Artifact Possibilities. I’ve gathered a few pathological texts and lots of background info here, to help jumpstart your thought processes, but feel free to ignore these. You might check the the Southern Poverty Law Center’s list of extremist groups, along with its Hatewatch publication, for other ideas. The Anti-Defamation League’s site is also a good resource, and this page most specifically, which offers a “short list of  people and organizations espousing virulent anti-Semitic views with active accounts on Twitter, Facebook and YouTube.” Joseph Uscinski’s site lists and describes some conspiracy theories, too, including this list (published on Politico) of the top 5 most dangerous ones of 2016. You may also have just seen the perfect artifact to use on your twitter feed or some other social media site. 

Analysis Composition. You’ll actually be making an argument: you’ll argue that the artifact you’re analyzing is a pathological text. And your analysis will function as your evidence for that claim. Your paper should have 4 sections, plus a Works Cited page in which you correctly document all the sources you’ve cited in the analysis:

1) An introduction to the artifact and its rhetorical/historical context (target audience, purpose, etc.), along with your claim that this is a pathological text and why you consider it a pathological text: briefly, what is this text doing that makes it pathological, according to our definition? Document your artifact in the Works Cited page.

2) An analysis of the pathetic appeals in this artifact in which you demonstrate its pathological operations. (Remember that you’re analyzing a pathological text, not its author—we are not pathologizing an individual.) Start by noting this artifact’s presumed ingroup and outgroup and what makes that distinction clear; if it’s not all that clear, explain that.

Then explain very specifically: 1) which feelings this artifact is likely to provoke in the ingroup, and 2) how it is likely to provoke them—that is, what pathetic appeals the artifact makes to provoke such feelings (charged language, vivid description, identificatory terms, etc.).

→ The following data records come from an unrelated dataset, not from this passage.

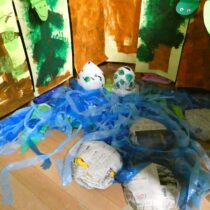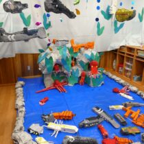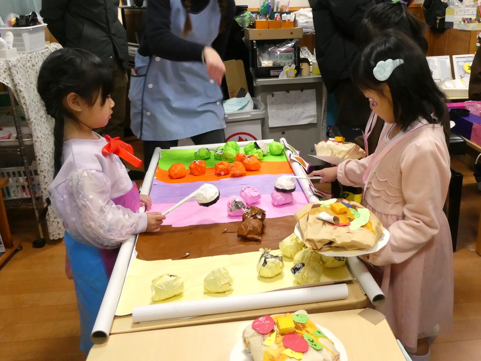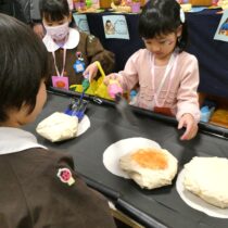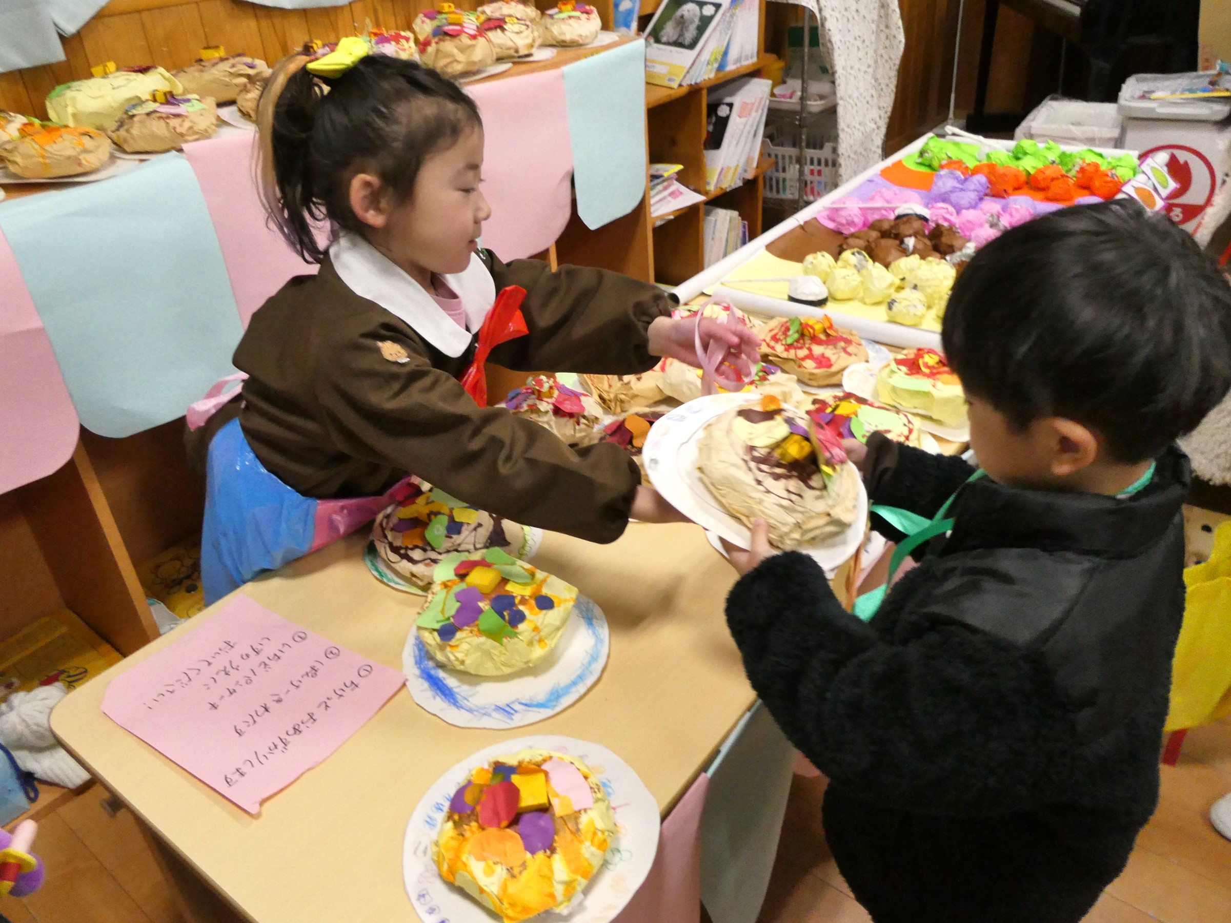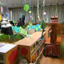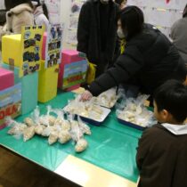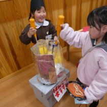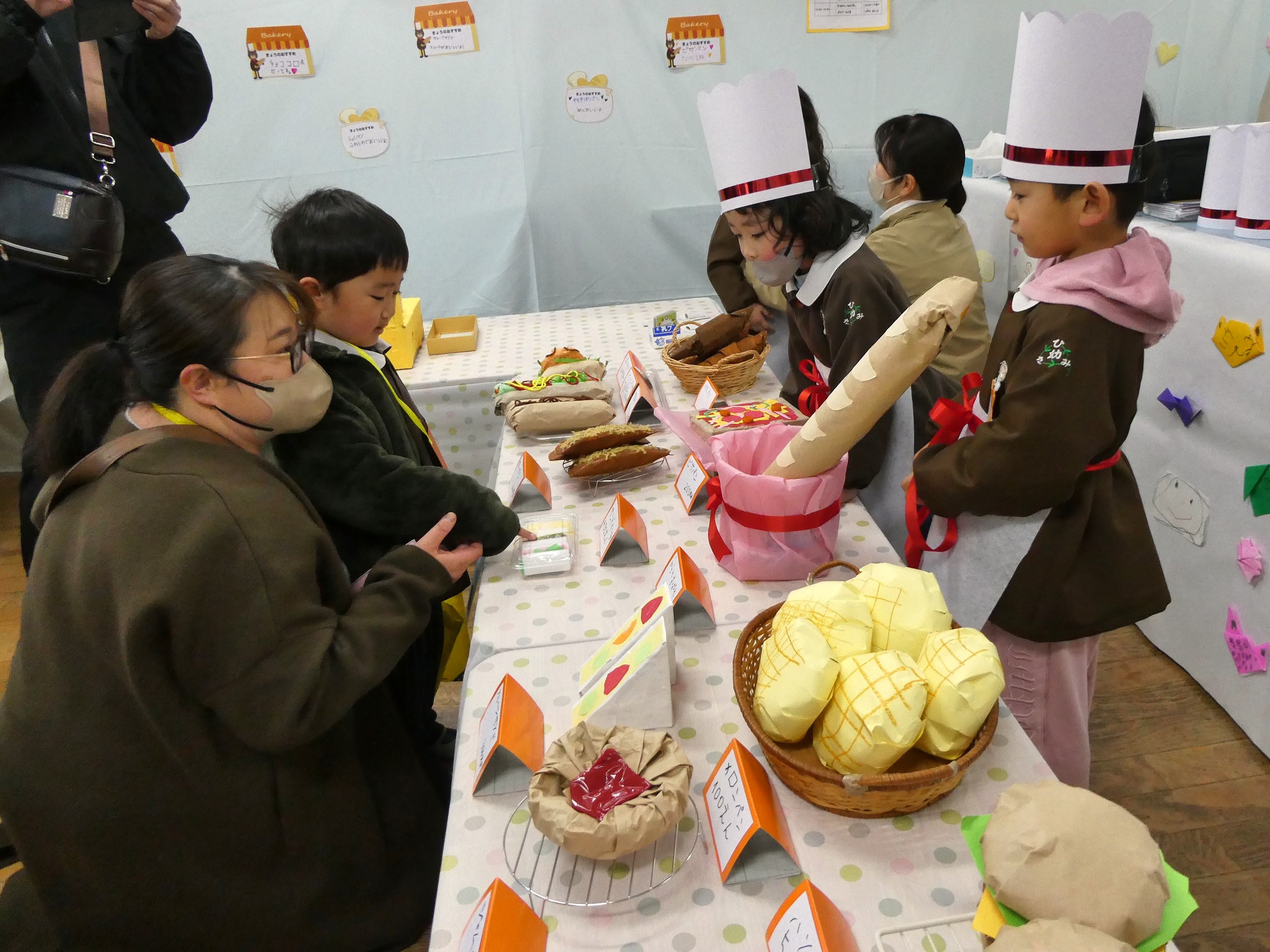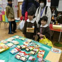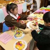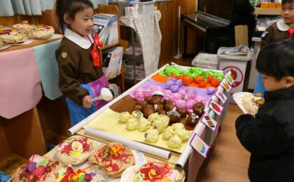 2月7日(土)に『創造展』を行いました。クラスごとに話し合って決めたお店屋さんの品物を作り、作品を売ったり買ったりするお店屋さんごっこ!年中・年長児は「いらっしゃいませ~!」とお店の人になって品物を売ったり、気に入った品物を「これください!」とお買物券で買ったり…やり取りを楽しみながら、様々な作品に触れ合うことができました。また、年長さんのお店は楽しいアイデアが満載!あれもこれも体験したくなって…お買物券が足りないくらいでした!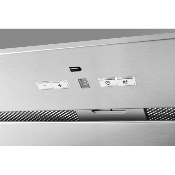 Кухонная встраиваемая вытяжка IBOX 60 X цвета нержавеющей стали обеспечит процесс стабильной рециркуляции загрязненного воздуха в небольшой кухне площадью до 20м2. Прибор оснащен кнопочным электронным управлением и выдвижным механизмом, он легок в уходе и эргономичен. Такой компактный агрегат станет отличным дополнением High-Tech-интерьера. Он практически моментально нейтрализует смрад, сажу, опасные испарения, дым и копоть, сопровождающие подгорание еды на плите.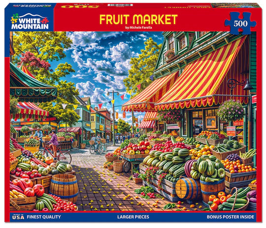 Grab your bag on the way out of the door. The fruit market is open offering the best and freshest fruit and produce around. Melons, apples, and more. Colorful offerings adorn tables, crates, and baskets waiting for you to pick up and select as your own. Artist Michele Farella will have you visiting to the nearest farmers market with this 500 piece jigsaw puzzle.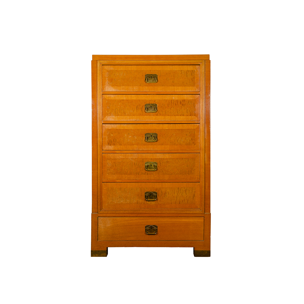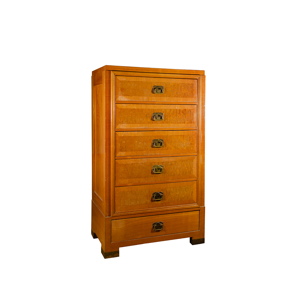 Settimanale in rovere a sei cassetti decorati in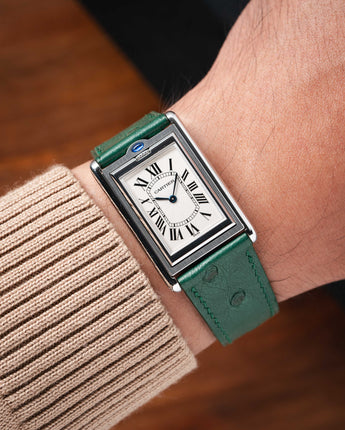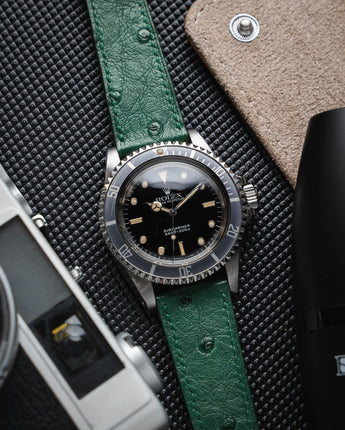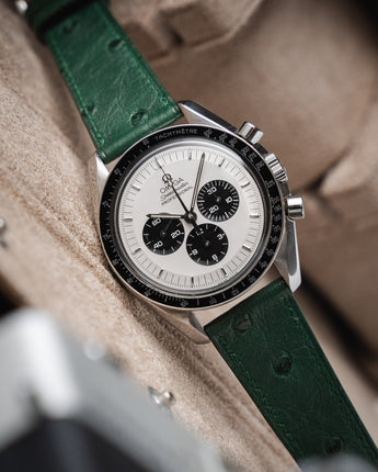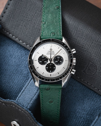 Supple and full of character, Ostrich Body leather is instantly recognisable by its naturally dotted texture. Its soft, pliable feel makes it especially comfortable on the wrist. If you're looking for an exotic leather with a distinct character from Alligator, this makes an excellent choice.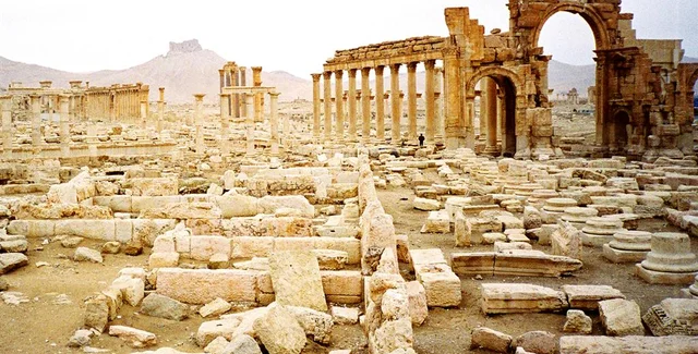 Античный город Пальмира - памятник Всемирного наследия ЮНЕСКО - оказался под контролем террористов группировки "Исламское государство" в мае 2015 года. Перед тем как оставить город, была эвакуирована большая часть его жителей и наиболее ценные исторические реликвии центрального музея Пальмиры. Однако часть культурного наследия была уничтожена боевиками.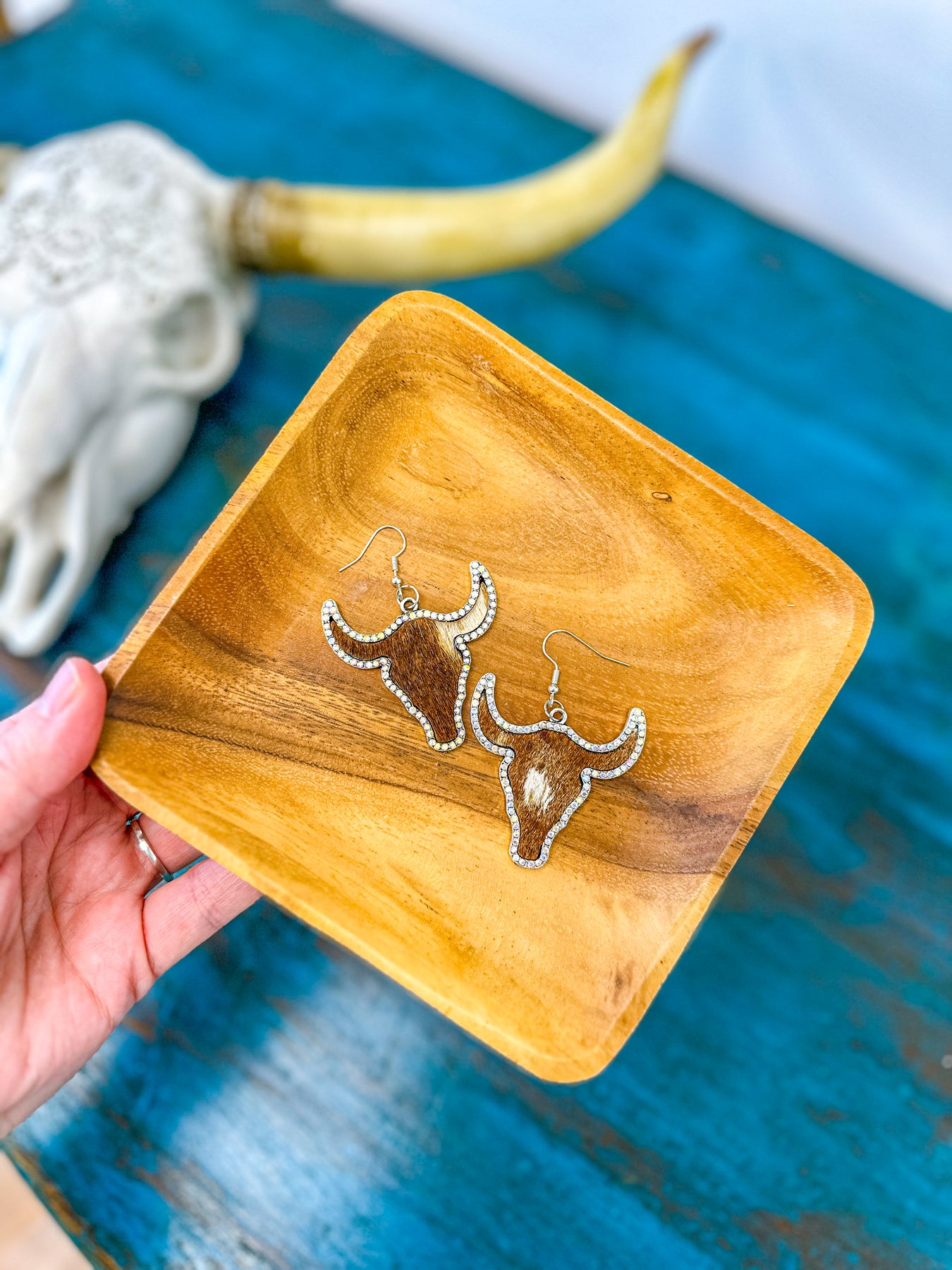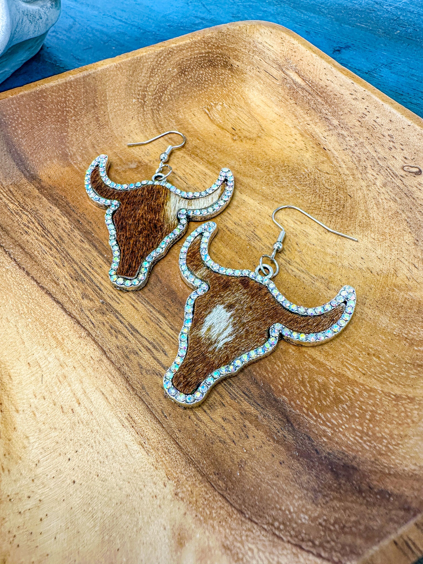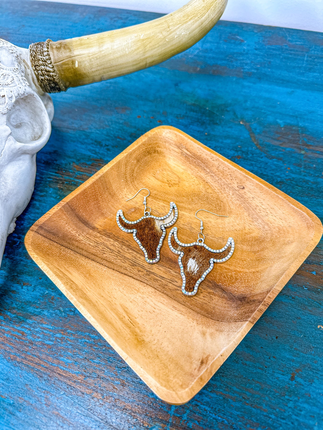 Grit - Hair on Leather & Rhinestone Steer Head Earrings

Quote the artifact as textual evidence for your argument, cite texts we’ve studied in the class as sources to support your analysis, and document all sources in the Works Cited page. This will be the most developed section of the essay.

 3) A brief description of the feelings this artifact stirs in you. You chose this artifact because you consider it a pathological text, so you are probably not its target audience, and the feelings it may elicit from that audience will likely not be the ones it provokes in you. But experiencing and reflecting on how this pathological text affects you, and on your own inability to not be affected by it, affirms your situatedness in what Hawhee calls “rhetoric’s sensorium.”

4) A brief conclusion that reiterates the ways this artifact is pathological or that otherwise wraps up your essay. 

Don’t forget your Works Cited page.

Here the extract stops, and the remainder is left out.